Waarom we niet kunnen slapen …

Net uitgelezen: Why we can’t sleep van Ada Calhoun

Why_We_Can't_Sleep_(Ada_Calhoun)

Er zijn twee problemen met dit boek.

1. Het maakt mij opstandig. Woedend zelfs. Het maakt me nog feministischer dan ik al was, en ik was al behoorlijk overtuigd.
2. Alleen vrouwen gaan het lezen, want het gaat over vrouwen, en er zijn twee soorten boeken op de wereld: mensenboeken en vrouwenboeken.

Ik liep rond met het idee om een blogpost te schrijven over alle manieren waarop ik de afgelopen jaren slaap ben verloren en hoe ik ook op te weinig slaap toch min of meer ben blijven functioneren al die tijd. (Correctie: hoe ik AL die tijd UITSTEKEND ben blijven functioneren.) En toen kwam plots dit boek op mijn radar. Dat moest ik dan natuurlijk wel even lezen.

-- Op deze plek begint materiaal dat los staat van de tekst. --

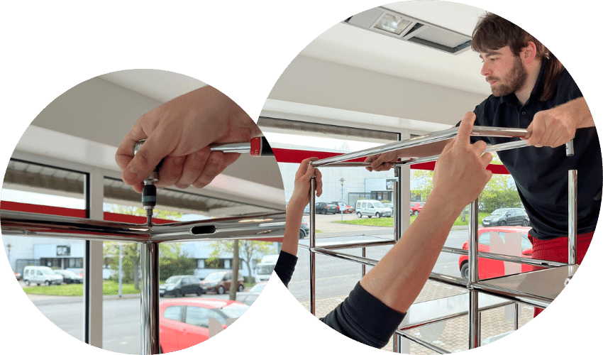 Sie möchten Ihr Regal umbauen oder erweitern? Kein Problem! Das Regal ist zu groß, um es an den gewünschten Ort zu tragen? Wir liefern in Teilen und montieren vor Ort! Sie planen einen Umzug und brauchen Profis, die das USM Haller System demontieren und wieder neu aufbauen? Unsere Mitarbeiter machen genau das nahezu täglich.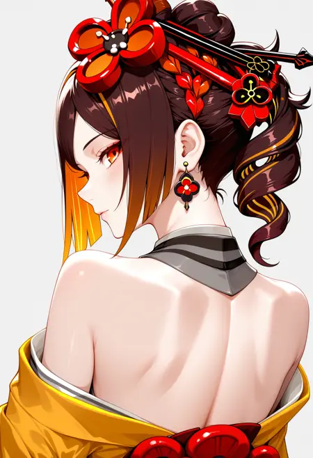 Chiori, 1girl, solo, hair ornament, bare shoulders, earrings, looking back, from behind, jewelry, back, upper body, looking at viewer, kimono, japanese clothes, grey background, back focus, simple background, orange eyes, orange hair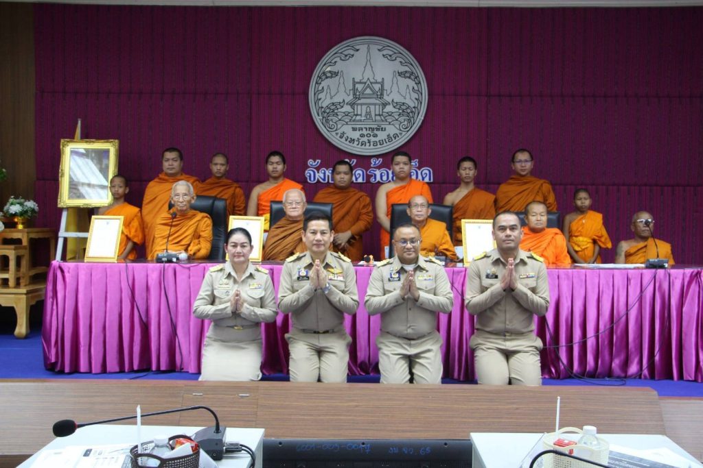 ก่อนการประชุม มีพิธีมอบเครื่องหมาย “รักษาดินแดนยิ่งชีพ” แก่ข้าราชการระดับอำนวยการระดับสูง พิธีถวายประกาศจังหวัดร้อยเอ็ด เรื่องแนวทางการตรวจสอบประวัติผู้ขอบรรพชาอุปสมบท มอบทุนการศึกษาสามเณรในโรงเรียนพระปริยัติธรรม และมอบรางวัลเกียรติคุณในหลายสาขา เช่น ปราชญ์เกษตรของแผ่นดิน การประกวดสาวไหมพันธุ์ไทย การดำเนินงาน TO BE NUMBER ONE โครงการสวนพฤกษศาสตร์โรงเรียน รวมถึงรางวัลสถานประกอบการต้นแบบดีเด่นด้านความปลอดภัยและสิ่งแวดล้อม
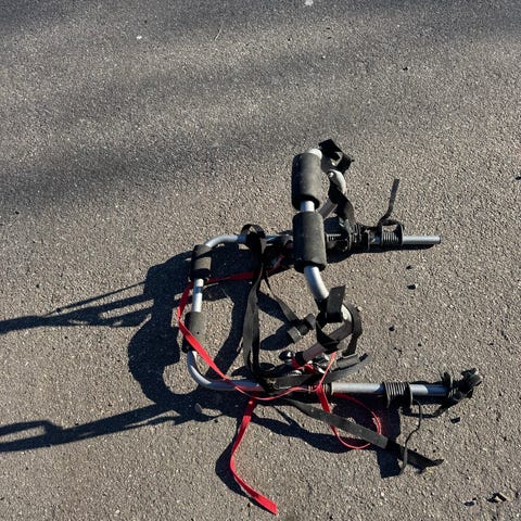 Modellen er udført i sort plast og metal med flere justerbare arme og remme til fastgørelse af cykler.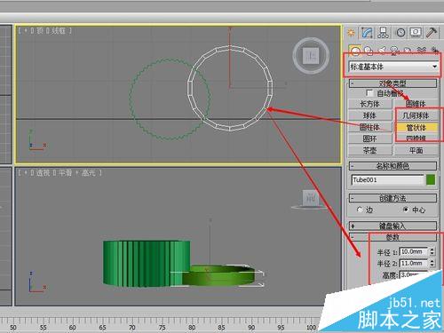 4、使用标准基本体中的管状体画出瓶盖的拧口处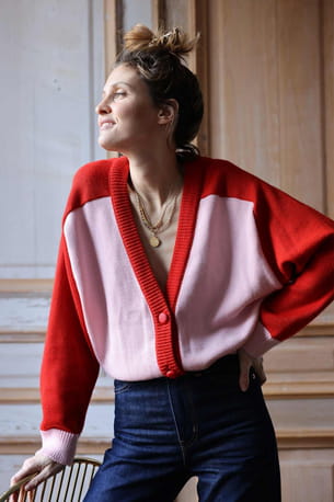 Gilet en laine rose et rouge "Denise" d'Elise Chalmin

Strikt genomen ben ik te jong om tot Generation X te behoren en voor een midlife crisis is het nog te vroeg. Ook heb ik voorlopig gelukkig nog geen (peri)menopauze om me zorgen over te maken, al vind ik het wel goed om te weten wat me nog te wachten staat over een paar jaar. Maar ik voel me ook te oud om een millennial te zijn en veel van wat Ada Calhoun in haar boek schrijft, is wel ontzettend herkenbaar voor een vrouw die ergens tussen Generation X en Y in zweeft: sandwichen tussen zorg voor kinderen en ouders, check, te moe zijn om te werken door zwangerschap, PMS, maandstonden, maar dat verbergen, omdat we nog niet geëmancipeerd genoeg zijn om toe te geven dat vrouwen dit ritme niet kunnen volgen, check, de ene dag ontzettend opgelucht en bevrijd zijn door je scheiding, en de volgende dag verstikt worden door angst voor de toekomst, check.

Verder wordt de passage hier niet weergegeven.